■ Material for this task
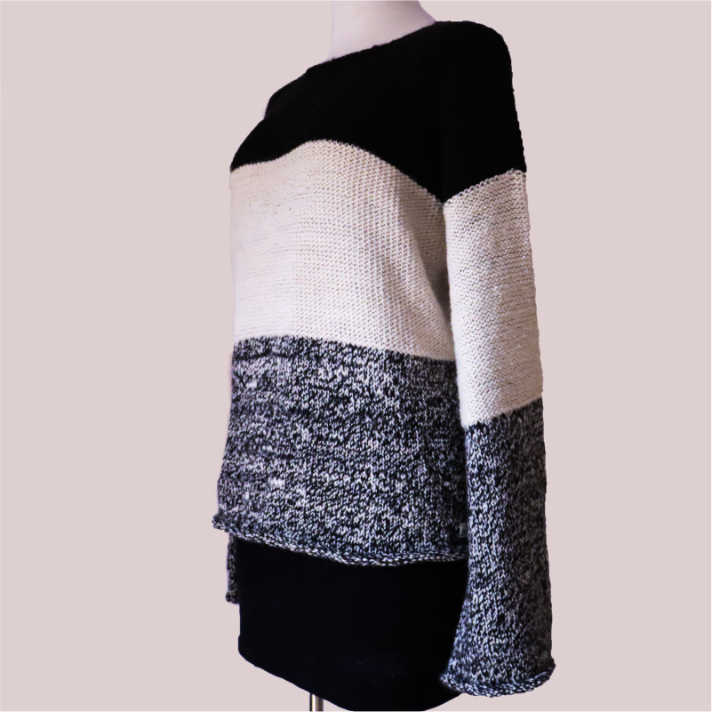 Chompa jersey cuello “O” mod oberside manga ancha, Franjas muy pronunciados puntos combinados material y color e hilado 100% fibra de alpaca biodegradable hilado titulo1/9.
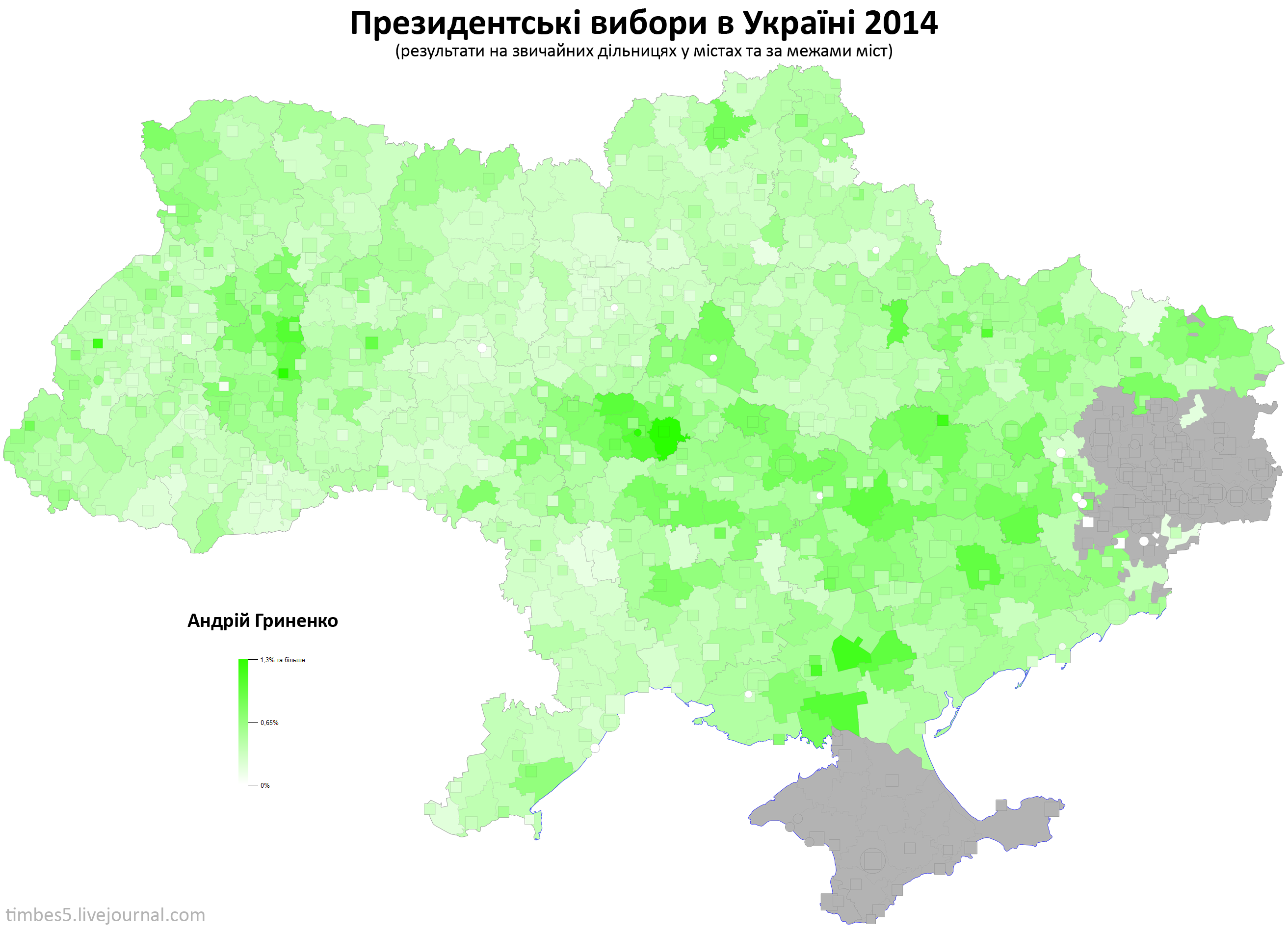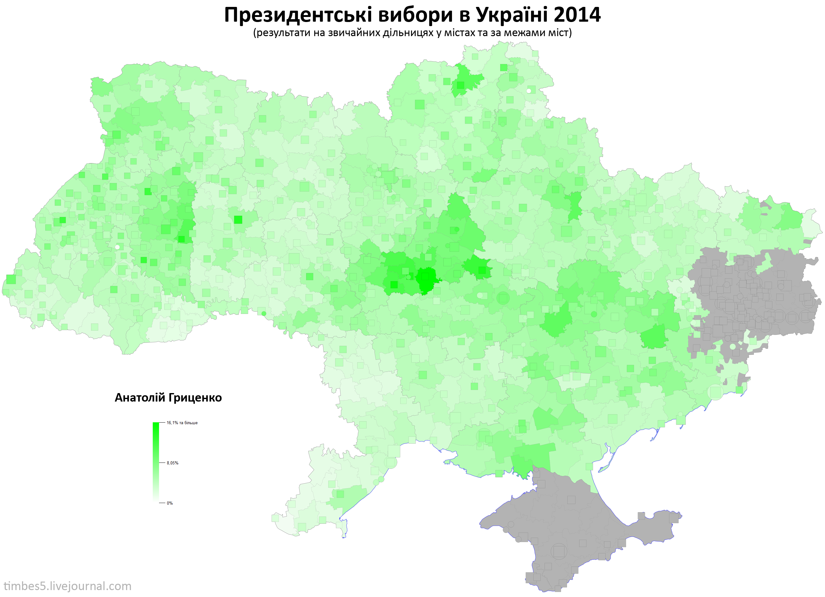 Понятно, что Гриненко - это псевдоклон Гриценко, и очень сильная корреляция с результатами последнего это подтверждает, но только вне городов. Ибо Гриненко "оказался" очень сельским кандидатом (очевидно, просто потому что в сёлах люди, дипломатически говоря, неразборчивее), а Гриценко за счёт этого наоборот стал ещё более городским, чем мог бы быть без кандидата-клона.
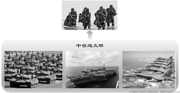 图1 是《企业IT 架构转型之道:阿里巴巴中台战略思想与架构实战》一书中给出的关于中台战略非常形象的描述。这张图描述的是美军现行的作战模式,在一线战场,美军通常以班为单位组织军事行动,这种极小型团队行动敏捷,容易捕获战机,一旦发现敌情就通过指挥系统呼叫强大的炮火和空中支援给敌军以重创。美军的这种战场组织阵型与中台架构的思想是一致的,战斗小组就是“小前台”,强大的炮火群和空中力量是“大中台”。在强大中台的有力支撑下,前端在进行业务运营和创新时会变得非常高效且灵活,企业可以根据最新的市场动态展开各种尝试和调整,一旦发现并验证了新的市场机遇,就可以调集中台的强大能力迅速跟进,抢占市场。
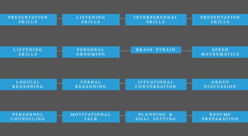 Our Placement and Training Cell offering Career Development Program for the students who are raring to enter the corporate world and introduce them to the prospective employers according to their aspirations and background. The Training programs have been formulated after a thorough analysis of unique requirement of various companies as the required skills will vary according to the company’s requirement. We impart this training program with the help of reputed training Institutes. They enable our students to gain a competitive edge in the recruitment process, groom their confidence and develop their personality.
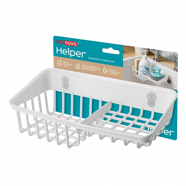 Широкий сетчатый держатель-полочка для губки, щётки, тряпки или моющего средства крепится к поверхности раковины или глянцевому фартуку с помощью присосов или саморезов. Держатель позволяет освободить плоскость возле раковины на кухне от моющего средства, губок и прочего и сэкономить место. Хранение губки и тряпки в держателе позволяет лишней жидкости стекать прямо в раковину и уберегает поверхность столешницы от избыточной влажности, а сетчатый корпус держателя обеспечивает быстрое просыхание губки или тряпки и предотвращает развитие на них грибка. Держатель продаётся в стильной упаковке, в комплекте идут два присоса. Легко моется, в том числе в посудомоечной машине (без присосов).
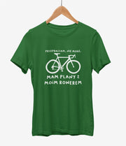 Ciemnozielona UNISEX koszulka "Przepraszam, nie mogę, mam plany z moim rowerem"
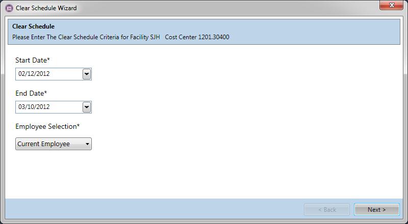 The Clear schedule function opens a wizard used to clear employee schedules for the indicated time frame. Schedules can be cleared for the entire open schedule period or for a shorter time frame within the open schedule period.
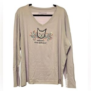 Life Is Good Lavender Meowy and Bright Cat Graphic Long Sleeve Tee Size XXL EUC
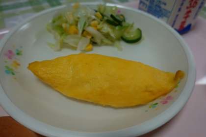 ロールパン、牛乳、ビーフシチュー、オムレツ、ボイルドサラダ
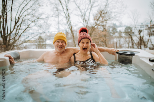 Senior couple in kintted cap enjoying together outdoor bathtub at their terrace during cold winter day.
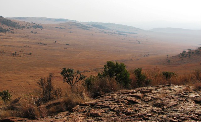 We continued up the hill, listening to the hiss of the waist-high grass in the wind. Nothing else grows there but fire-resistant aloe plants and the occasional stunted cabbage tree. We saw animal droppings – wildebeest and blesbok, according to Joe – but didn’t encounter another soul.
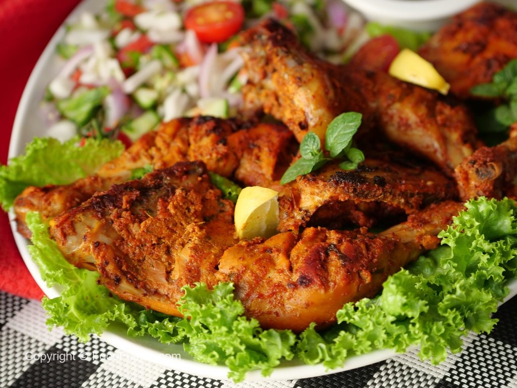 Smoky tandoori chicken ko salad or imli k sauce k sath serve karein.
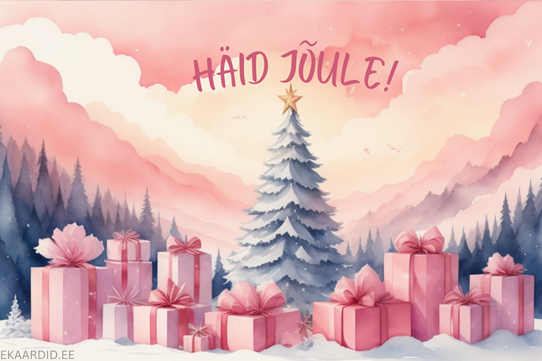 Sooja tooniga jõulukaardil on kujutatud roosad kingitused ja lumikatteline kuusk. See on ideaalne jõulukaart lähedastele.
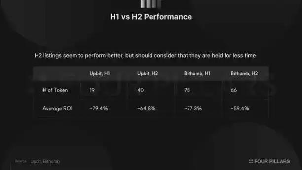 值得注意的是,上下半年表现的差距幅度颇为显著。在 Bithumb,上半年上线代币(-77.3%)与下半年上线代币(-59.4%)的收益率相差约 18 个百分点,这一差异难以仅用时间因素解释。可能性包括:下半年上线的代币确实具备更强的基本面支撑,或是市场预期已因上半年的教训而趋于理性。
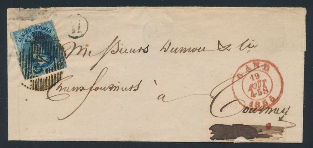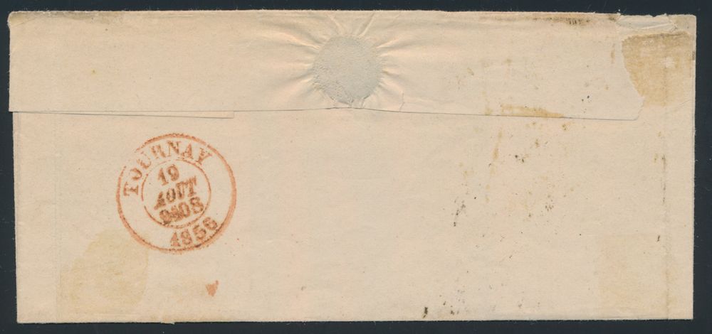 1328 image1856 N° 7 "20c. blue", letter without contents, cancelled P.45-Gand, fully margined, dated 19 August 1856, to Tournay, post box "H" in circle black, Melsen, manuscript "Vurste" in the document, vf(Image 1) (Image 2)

■ Task description
Respond with the exact lines above running from the one containing "Life Is Good" to the one containing "Senior couple in", both ends kept and no pictures included.

■ Response to this exercise
 Life Is Good Lavender Meowy and Bright Cat Graphic Long Sleeve Tee Size XXL EUC
 ロールパン、牛乳、ビーフシチュー、オムレツ、ボイルドサラダ
 Senior couple in kintted cap enjoying together outdoor bathtub at their terrace during cold winter day.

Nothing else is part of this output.